Ischemic Stroke: Lovenox to Prevent Venous Thromboembolism

ORLANDO, Dec. 15 -- In patients with acute ischemic stroke, daily Lovenox (enoxaparin) was superior to unfractionated heparin every 12 hours for reducing the risk of venous thromboembolism (VTE), reported investigators from the PREVAIL trial.

There were no significant differences in clinically relevant bleeding between patients treated with Lovenox, a low-molecular weight heparin, and those who received unfractionated heparin, reported David G. Sherman, M.D., professor of neurology at the University of Texas Health Science Center at San Antonio.

Dr. Sherman reported the results of the study, funded by Sanofi-Aventis, the maker of Lovenox, at the American Society of Hematology meeting here.

The PREVAIL (Prevention of VTE after Acute Ischemic Stoker with LMWH Enoxaparin) study was designed to see whether Lovenox was better than unfractionated heparin for VTE prophylaxis in acute ischemic stroke patients, and to evaluate efficacy and safety of the drugs according to stroke severity.

A total of 1,762 patients from 15 countries were enrolled in the study. Eligible patients had acute ischemic strokes confirmed by CT scan, and were unable to walk unassisted because of motor impairment of the leg. The mean patient age was 66.0 12.9 years, mean NIH Stroke Scale score (NIHSS) was 11.3.

The trial design was prospective, open-label, parallel group. Patients were randomly assigned within 48 hours of the onset of stroke symptoms to receive Lovenox at 40 mg once daily via subcutaneous injection, or unfractionated heparin 5,000 IU every 12 hours, also subcutaneously. The drugs were delivered for 10 four days.

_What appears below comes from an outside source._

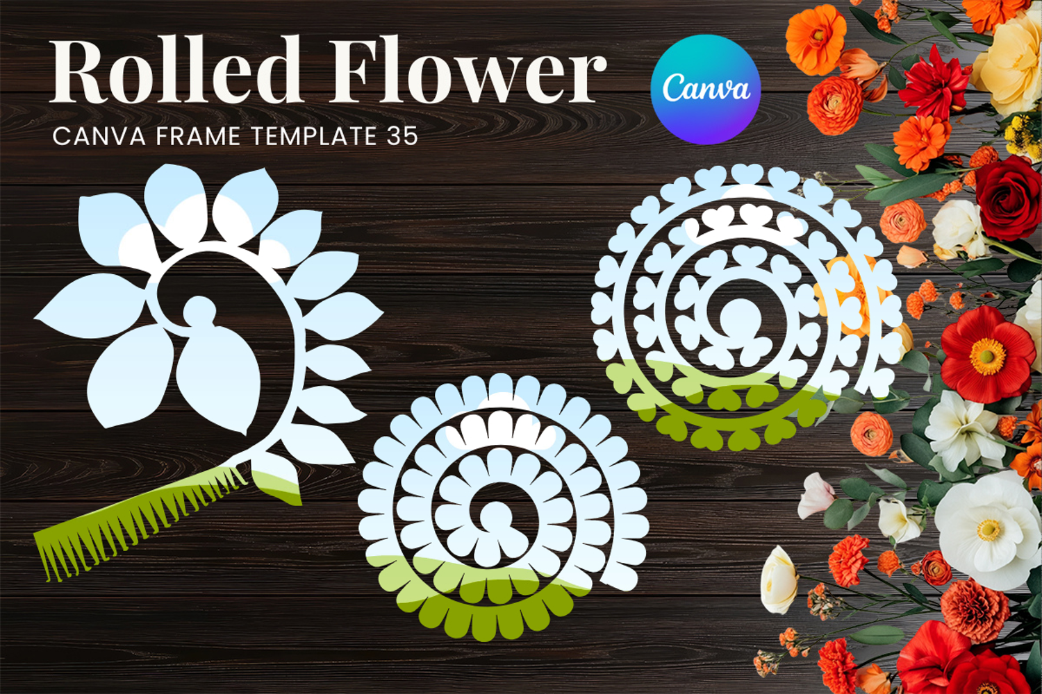 Rolled Flower Canva Frame Paper Flowers Canva Template_35

Patients were stratified by NIH Stroke Scale score (NIHSS) as having either severe stroke (NIHSS score ?14) or less severe (< 14).

The primary efficacy endpoint was a composite of symptomatic or asymptomatic deep-vein thrombosis (DVT), symptomatic pulmonary embolism, or fatal during treatment.

The investigators confirmed the presence of DVT primarily by venography, or by ultrasonography when venography was not practical.

Pulmonary embolism was confirmed by ventilation quantification or CT scan, or angiography.

The primary safety endpoints included clinically significant intracranial and major extracranial bleeding.

The efficacy analysis included data on 666 patients who received Lovenox, and 669 who received unfractionated heparin. The drugs were given for a mean of 10.5 3.2 days.

The composite endpoint, adjusted for NIHSS score, occurred in 10.2% of patients on Lovenox compared with 18.1% of patients on unfractionated heparin, translating into a relative risk reduction of 43% (relative risk 0.57, 95% confidence interval, 0.44-0.76; P=0.0001).

Lovenox was also associated with significantly fewer events in patients with severe stroke, 16.3% compared with 29.7% for unfractionated heparin (P=0.0036) and in patients with less-severe stroke (8.3% versus 14.0%, respectively, P=0.0043).

The composite of clinically significant intracranial and major extracranial bleeding was low and was not significantly different between the groups, at 1.3% for Lovenox and 0.7% for unfractionated heparin (P=0.20).

"Balancing the benefits of lowering the risk of venous thromboembolism, while minimizing the risk of bleeding, is a very important element in choosing prophylactic regimens for this particularly fragile patient population, as it combines the usual factors of venous thromboembolism in addition to the stroke context," Dr. Sherman said.